As far as I remember, many textbooks on statistical physics introduce temperature as a condition of equilibrium of a composite thermodynamic system. E.g., if the system consists of two parts with energies $E_1,E_2$, and the total energy is fixed, $E=E_1+E_2$, then maximizing the entropy (and neglecting the small contributions due to the interactions on the systems borders) we have: $$ \frac{d}{dE_1}\left[S_1(E_1) + S_1(E-E_1)\right]=S_1'(E_1) - S_2'(E-E_1)=0\\\Rightarrow S_1'(E_1) = S_2'(E-E_1)\\\Rightarrow E_1^*, \frac{1}{T}=S_1'(E_1^*)=S_2'(E-E_1^*) $$ The temperature is thus a value of the derivative of the entropy (logarithm of the number of the microstates at thermal equilibrium, but not the derivative itself (the difference between a function and a value of this function at a specific point, contrary to what is suggested in this question, which motivated me to ask mine.)

What I miss here is the transition from this definition of temperature to the condition of thermal equilibrium as the equality of temperatures - this means that the temperature must be defined for each subsystem independently. So, is the temperature a function (of energy) or a value of a function at thermal equilibrium?

Answer 1

The definition of temperature is $$ T = \left(\frac{\partial S}{\partial E}\right)_{V,N} $$ and as such it is a function of $E$, $V$ and $N$: $$ T = T(E,V,N) $$ The value of $T$ at a particular state is the numerical value of this function at the energy, volume and number of moles in that state.

If you have two systems you can can calculate their temperatures. If they are equal, the systems are in thermal equilibrium.

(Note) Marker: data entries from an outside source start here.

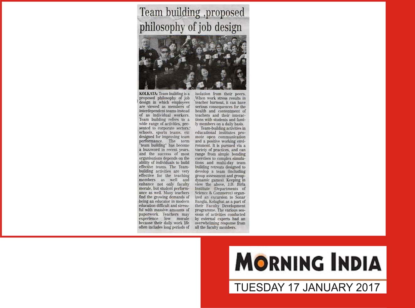 The department of management at JD Birla Institute (JDBI) recently organised a two-day online management development programme to spread awareness about the changing global trends. The event aimed to facilitate interaction between the middle and top-level corporate members and the market experts. There were around 36 participants from various corporate houses and the resource persons included digital entrepreneurs and AI practitioners from several organisations. The event provided a glimpse into the prospects and challenges of AI-enabled business. The JDBI also spruced up campus during the pandemic. Its satellite campus—which houses the management department—has undergone a makeover. Principal Deepali Singhee said her team spent days planning the beautification mainly by recycling available materials at a minimal cost. The walls have been decorated with motivational quotes, a portion being dedicated to former students who have been achievers. There is also a new adda zone for the students. Vidya Mandir Society secretary-general Brig. V. N. Chaturvedi recently inaugurated the Learning Resource Centre with a new fiction section.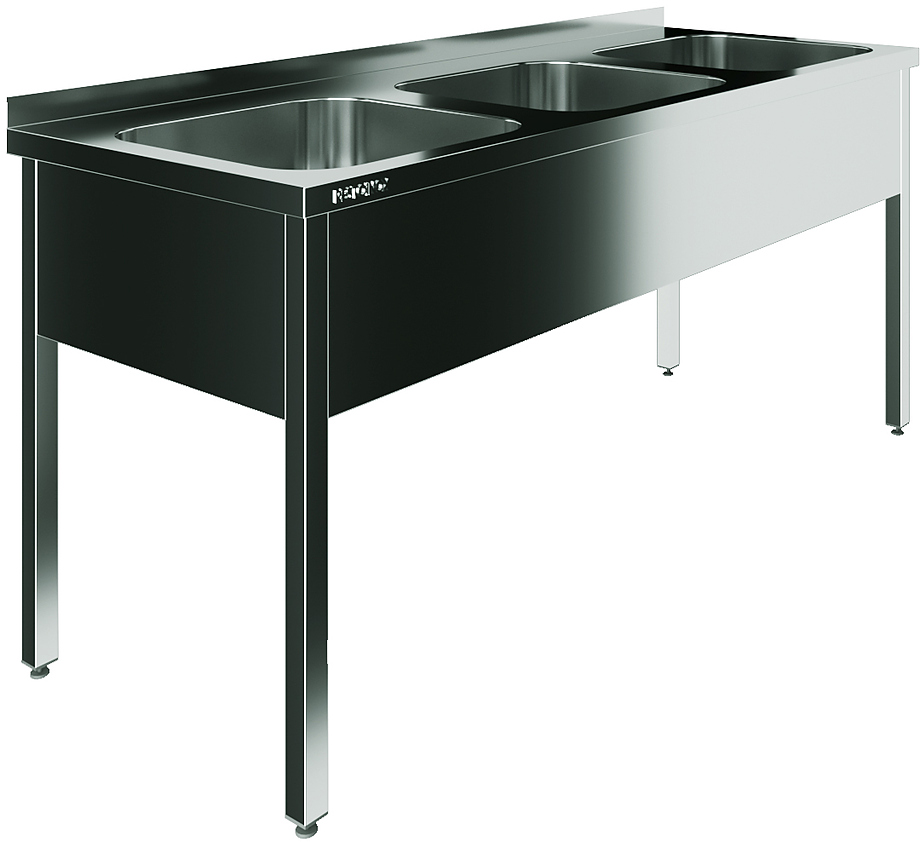 Моечная ванна Restoinox ВМЦ-3/16/7-Б предназначается для мытья посуды, кухонного инвентаря и продукции на предприятиях общественного питания, торговли и пищевых производствах. Ванна оснащена фартуком с 3х сторон. Материал каркаса - нержавеющая сталь AISI 430 (труба 40x40 мм), материал фартука - нержавеющая сталь, материал емкости - нержавеющая сталь AISI 304.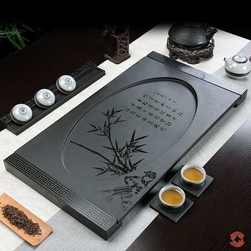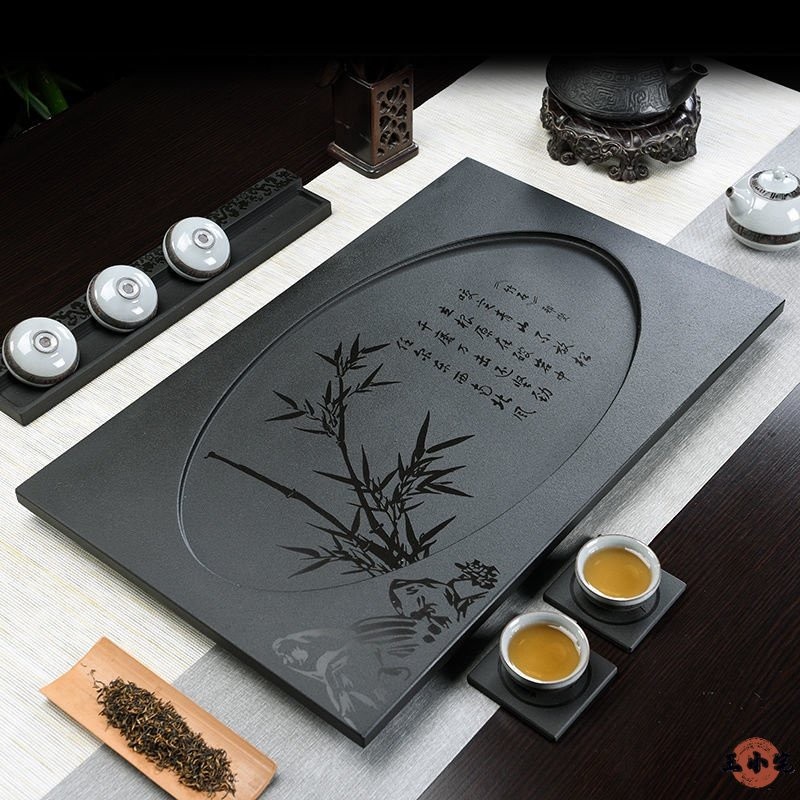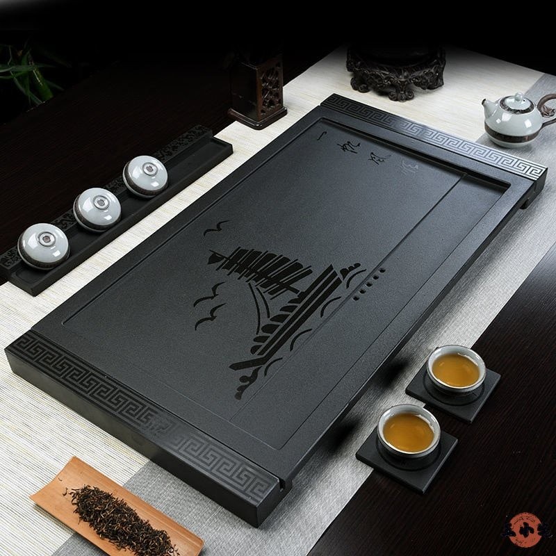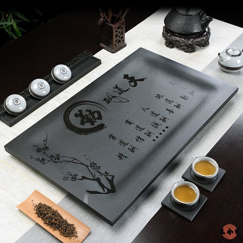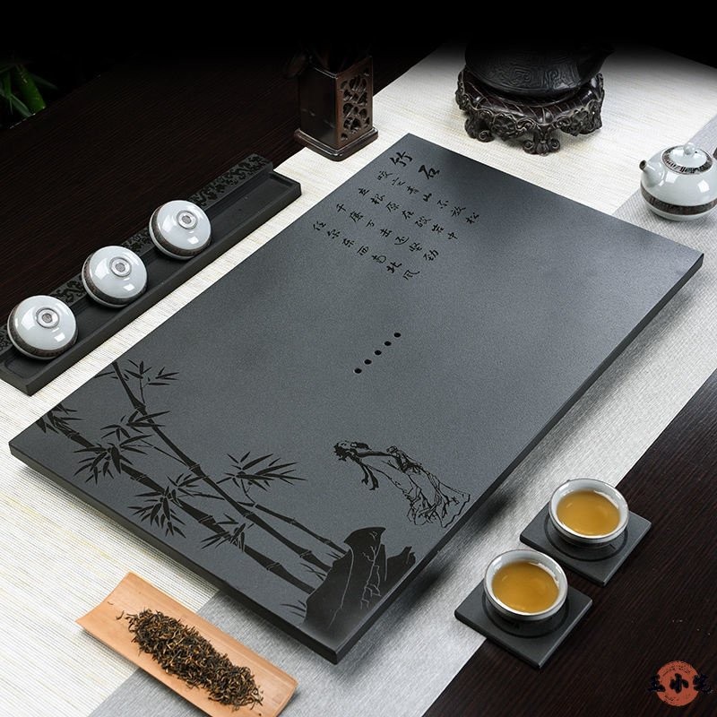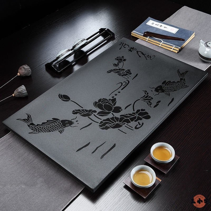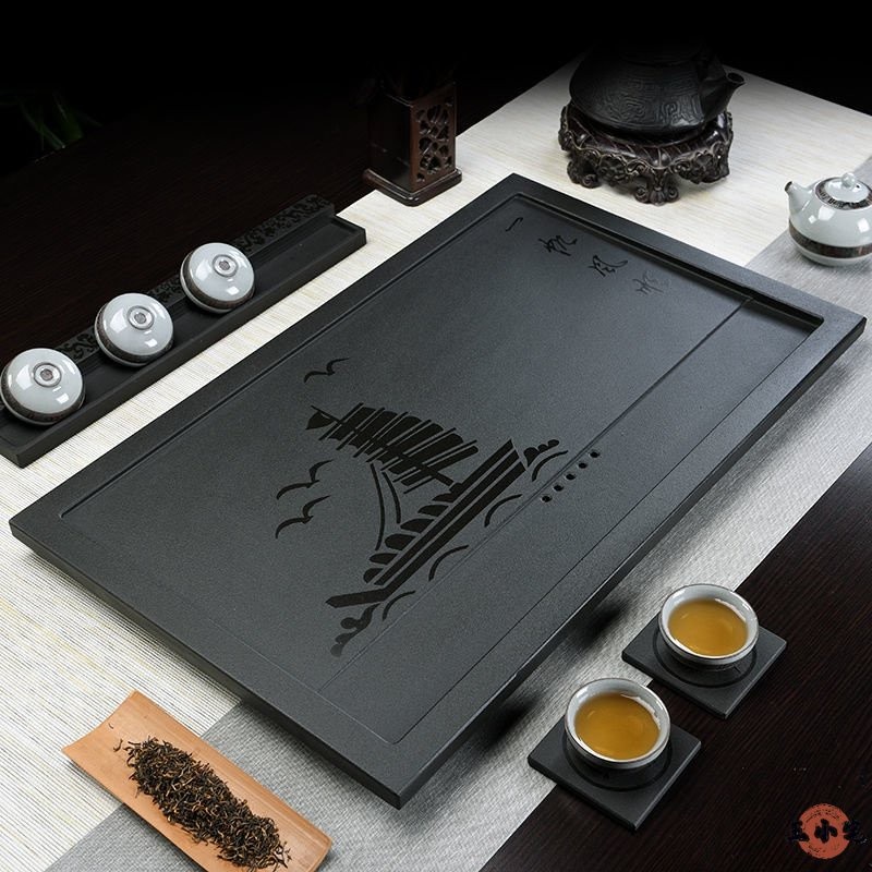 安安家具烏金石茶盤 整塊天然烏金石茶臺 簡約家用長方形大小號石頭黑金石茶臺茶具茶盤 客廳功夫茶臺 茶具托盤定制XH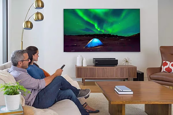 ВАЖНО! Если у вас модель на 100 дюймов, вам понадобится проектор и экран. Но не только. Еще желательно, чтобы у вас был саундбар без проводов. Этого набора вполне хватит для того, чтобы иметь виртуальный пятиканальный звук и обустроить гигантский кинотеатр в квартире или в доме.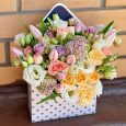 Коробка пионов с эвкалиптом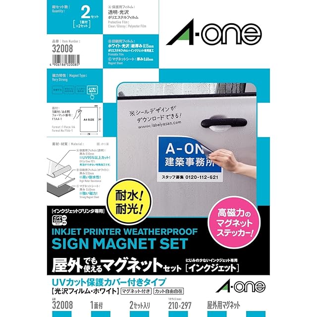 エーワン マグネット ラベル 屋外用 UVカバー付 光沢フィルム インクジェット A4 2セット 32008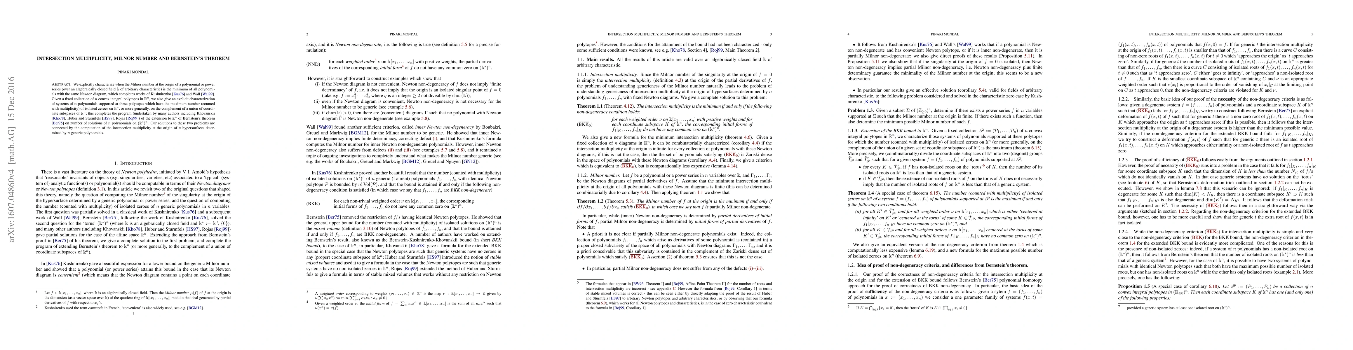 The paper provides explicit conditions for minimality of Milnor numbers and extends Bernstein's theorem, contributing foundational results to the study of polynomial systems.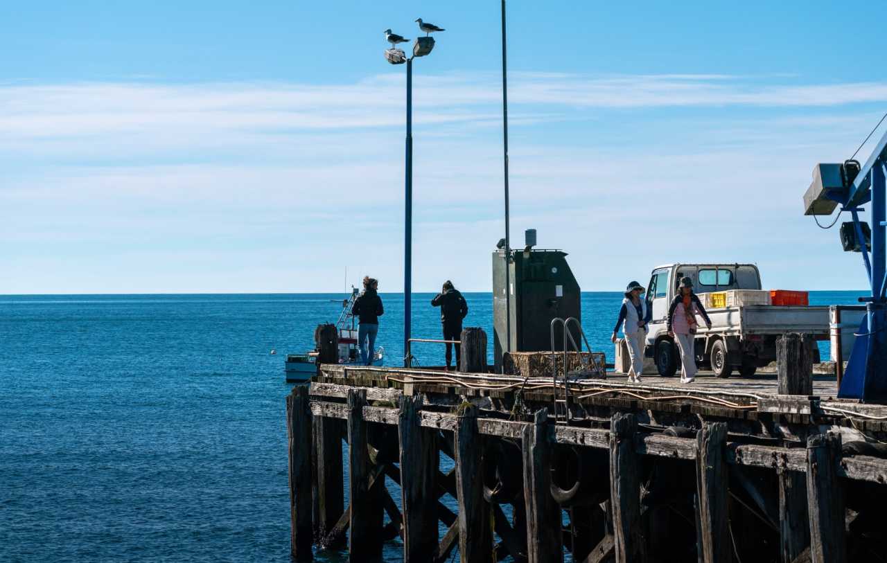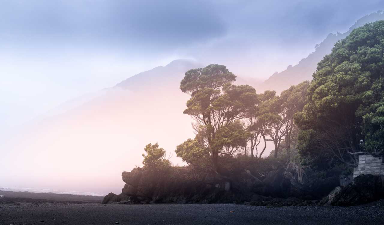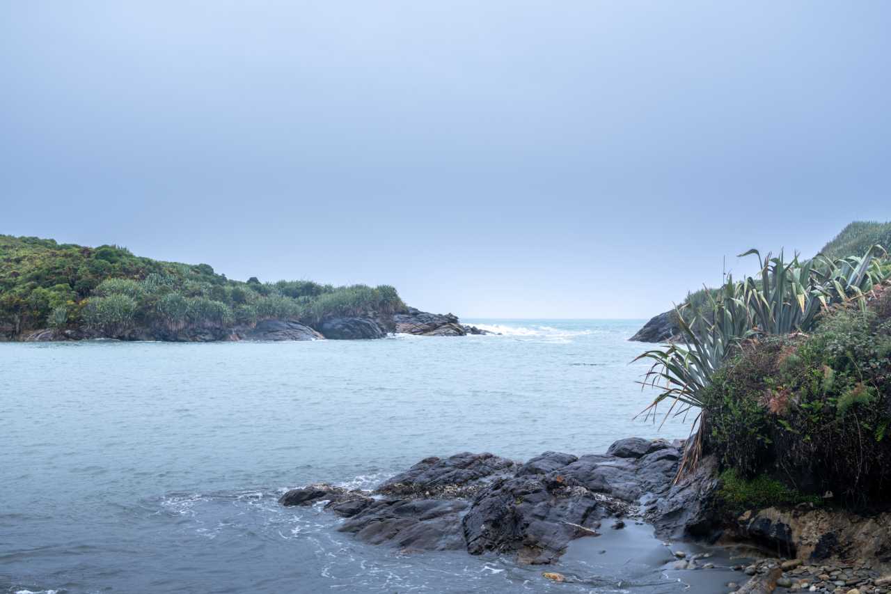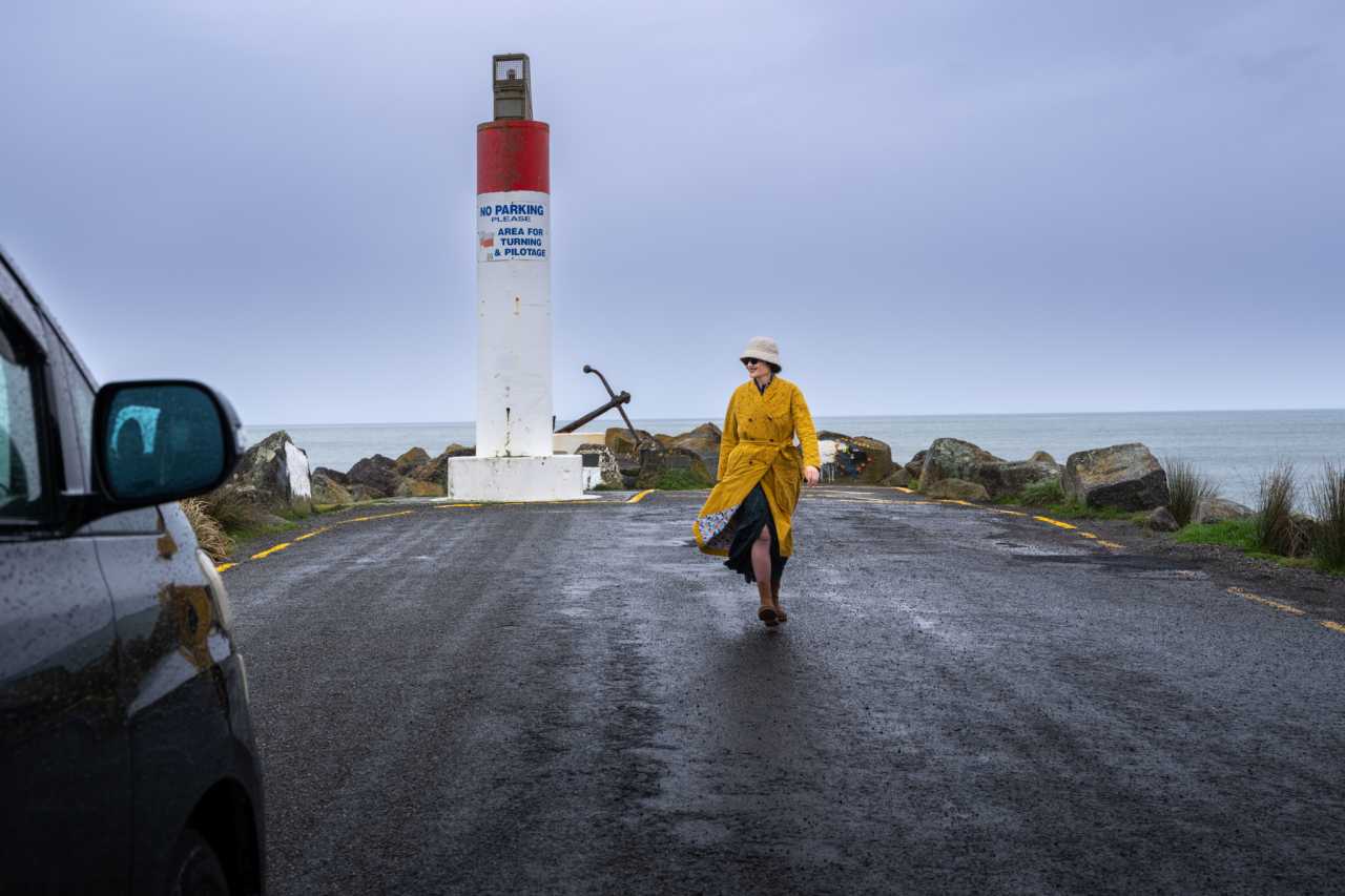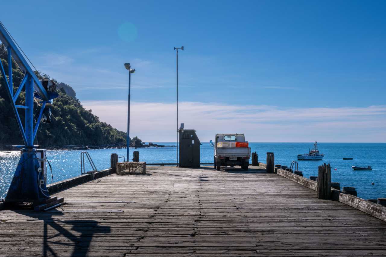Bruce Bay: misty mornings, food trucks, warmth on a cool coast. Jackson Bay: rustic jetty, deep‑blue sea, gulls on lamp posts; casual life and inner ease.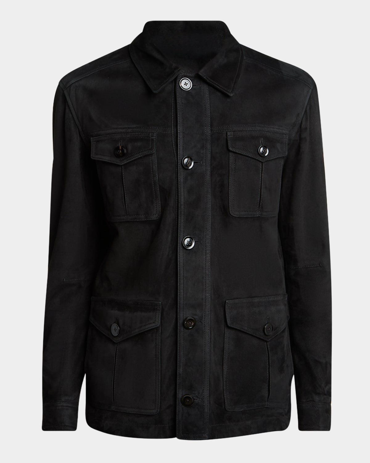 - TOM FORD military jacket in supple suede for a soft and luxurious finish - Shirt collar - Button placket - Four buttoned flap pockets - Long sleeves - Single-button cuffs - Leather/linen/viscose - Fully lined - Professional cleaning recommended - Made in Italy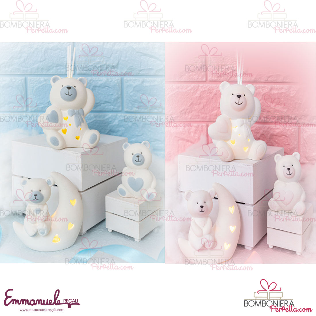 La Linea "Gli Orsetti", collezione Le Stelle , è una linea di eleganti orsetti in porcellana bianca con decori rosa e celeste adatti per ogni vostra occasione.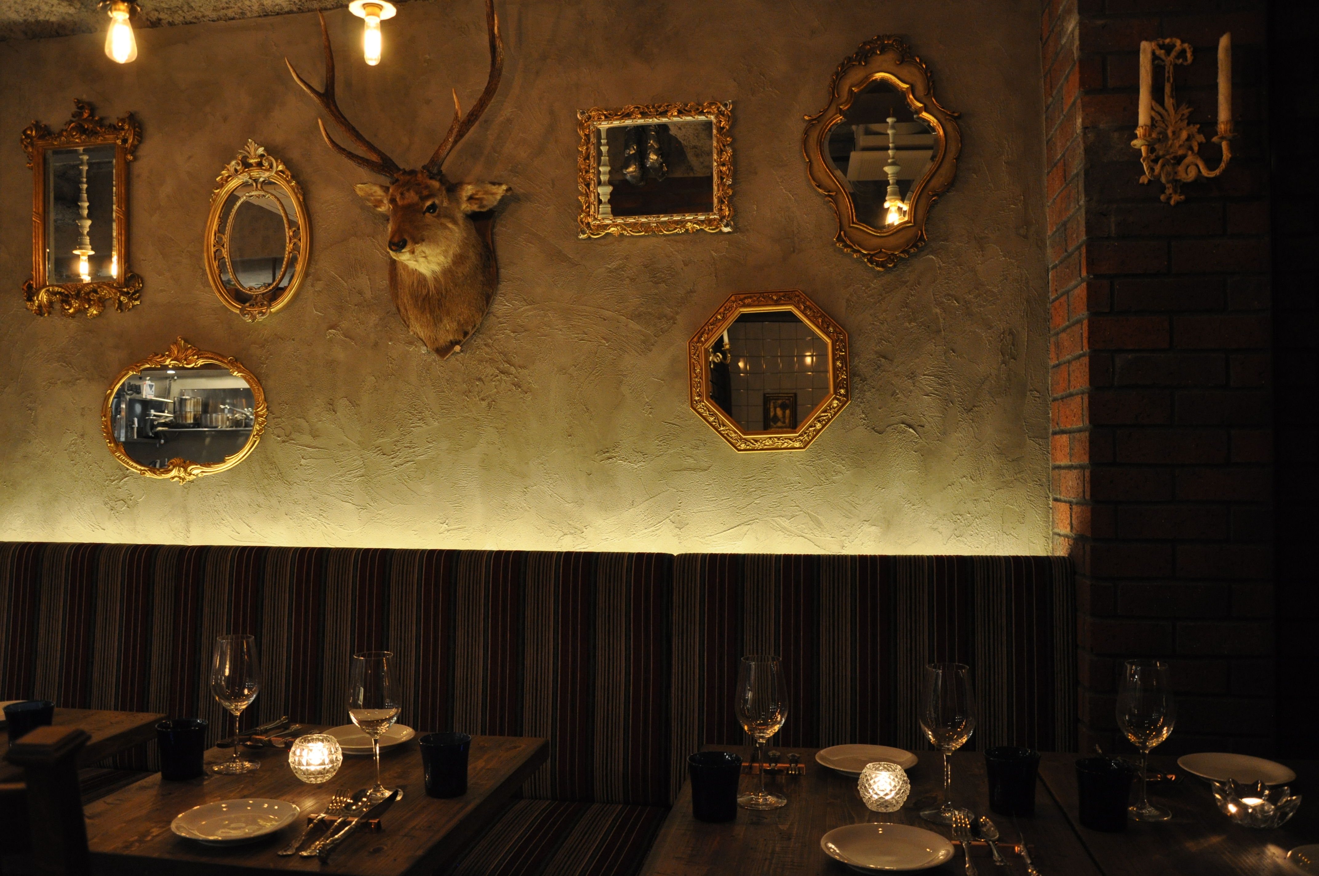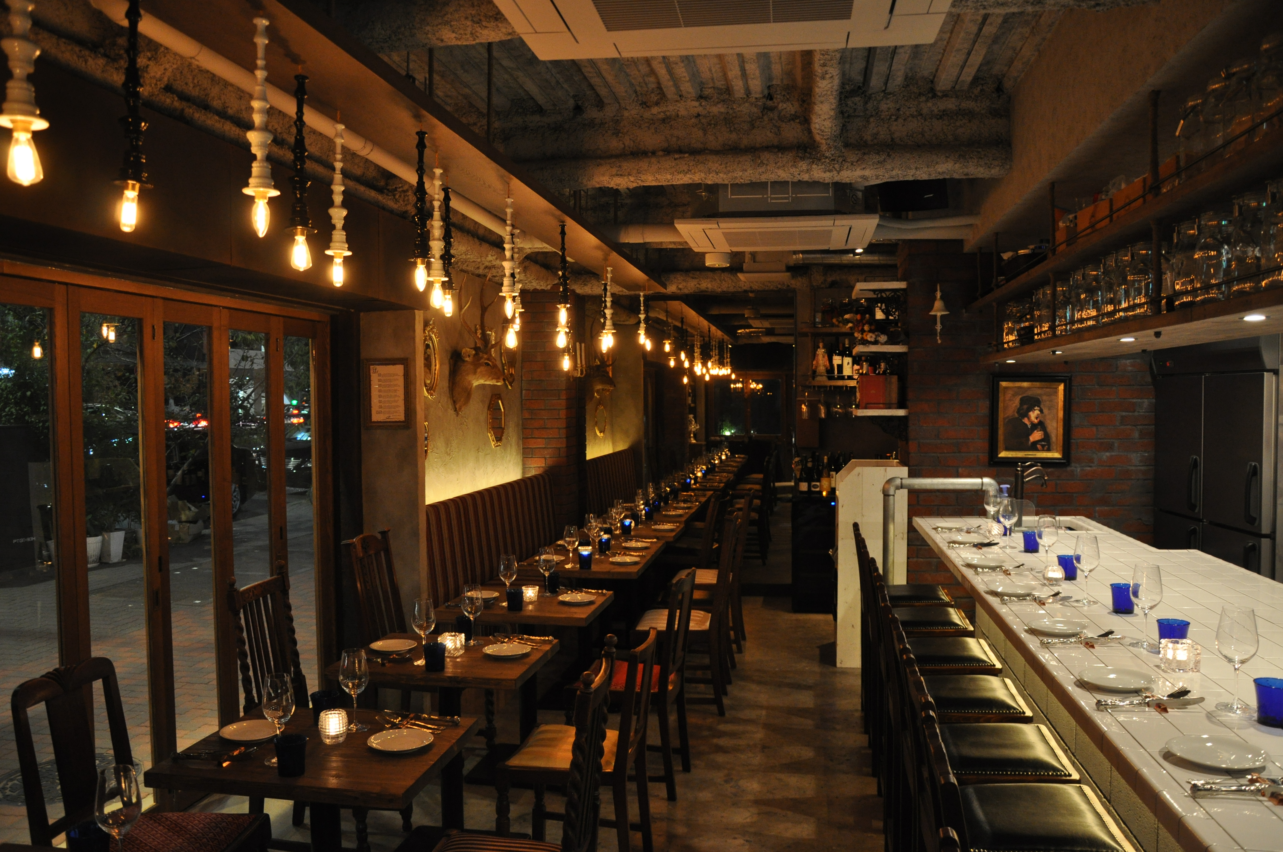 店内は、「アンティーク好きのフランス人オーナーがニューヨークに創ったビストロ」と言うコンセプトで創られており、

In other words, the equilibrium condition requires the value of tyemperature to be the same in both systems, not the functions: $$ \underbrace{T(E_1,V_1,N_1)}_{T_1} = \underbrace{T(E_2,V_2,N_2)}_{T_2} $$ which we write more conventionally as $$T_1 = T_2$$

I suspect the confusion arises from the common mathematical notation, $v = v(t)$, which assigns the same symbol $v$ to both the function (e.g., velocity as a function of time) and the value of the function at some specific $t$ (as in $v=0$ at $t=0$).